I toss in a couple sniffles and pull a handkerchief from my clutch to really ham it up before I continue.

“And I’m pretty sure he’s cheating on me with his secretary too. It’s our anniversary today, and he’s still at a meeting with her. So, I want to get drunk, have some fun, and spend loads of his cash. Only problem is, I don’t know how to play poker. I need one of you gentleman to teach me.”

The smile on Rory’s face disappeared over the course of my speech. The wheels are turning in his mind, but it takes him a minute to reply.

“Jesus, sweetheart,” he mutters. “They don’t ever see ye coming, do they?”

I don’t like the judgment in his tone.

“Oh boo fucking hoo,” I snap. “Do you actually feel sorry for those men? Then you’re the one who needs a reality check.”

“Scarlett.”

His voice is soft when he steps forward and reaches out to grab my arm. He knows I’m already one foot out the door after his last comment.

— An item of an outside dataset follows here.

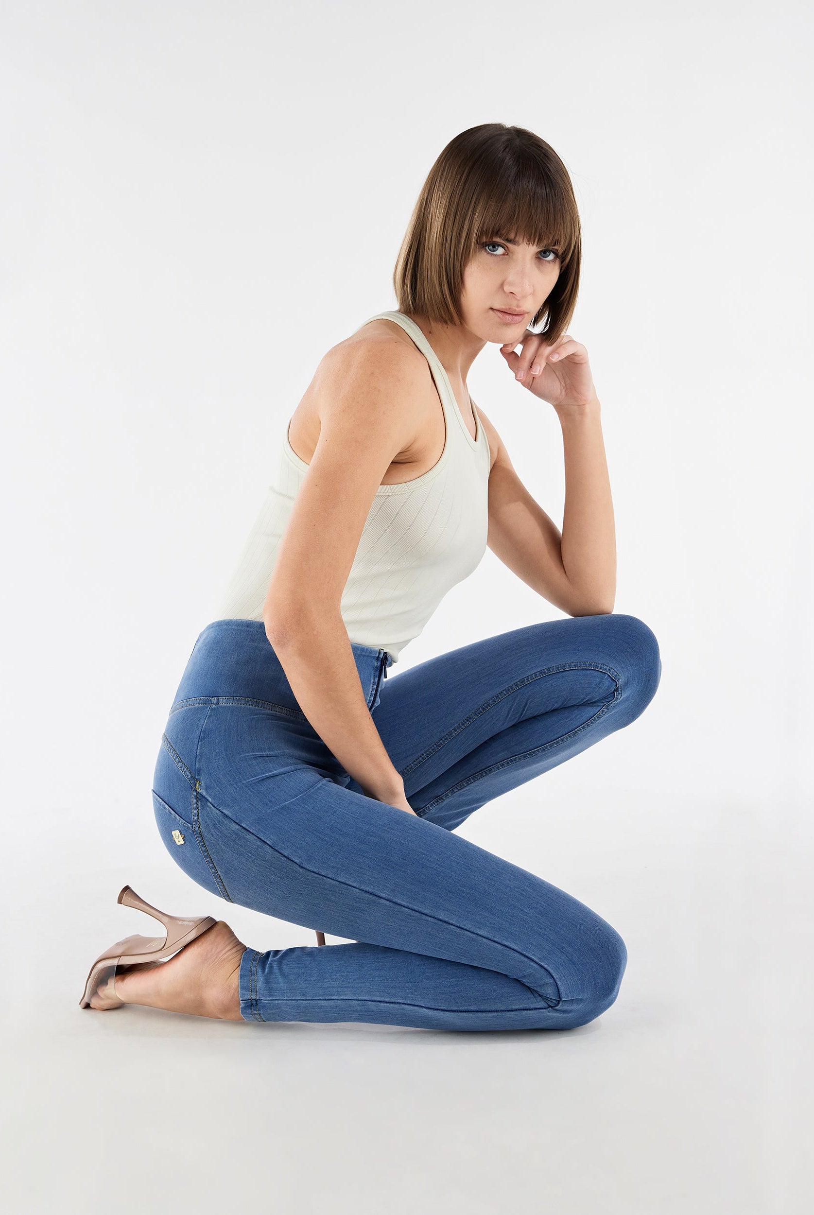 Die Mid-Waist-Modelle sitzen zwischen der Taille und dem Bauchnabel. Alle unsere mittlere Jeans haben vorne drei Freddy-typische Knöpfe. Sie sind etwas höher als unsere Regular-Waist-Hosen, aber nicht ganz so hoch, wie die High-Waist-Modelle. Sie haben einen bequemen, hohen Bund ohne Silikonstreifen, und die Knöpfe sorgen für einen perfekten Sitz. Jeans in Mid Waist eignen sich vor allem für kurvigere Frauen, die mehr Stütze und Form für den Bauch und die Taille möchten. Zusätzlich zaubern die Hosen natürlich den perfekten Po.

I don’t take to judgment well.

Anyone who wants to judge me can fuck right off. And I tell him as much.

“I’m not judging you, sweetheart,” he says. “I’m just a little terrified of you right now.”

And he should be.

Because I’m pulling one over on him too. While I play this game and tell him that I’m right. While I tell him not to judge me.

I’m lying to him and fucking him over too.

And while I’m thinking about all of this, he’s only thinking about me.

“I don’t know if I can handle seeing ye flirt with those other blokes,” he says, and it’s honest and...

Fuck.

Why does he always need to be so goddamned honest?

“It doesn’t mean anything,” I assure him.

“That’s exactly the problem.” He rubs a hand over the back of his neck and paces my kitchen. “I never know when ye’re being real, Scarlett.”

I suppose that’s true. I don’t know half the time myself.

I’m a compulsive liar. It’s what I do for a living. It’s what I do to survive.

It’s second nature. As easy as breathing. To lie even when I don’t need to.

Sometimes, it just feels good. To be fooling everyone else.

I’ve been lying to Rory since the day that I met him. He doesn’t know a real thing about me. And now that I think about it, I don’t know a single person that does.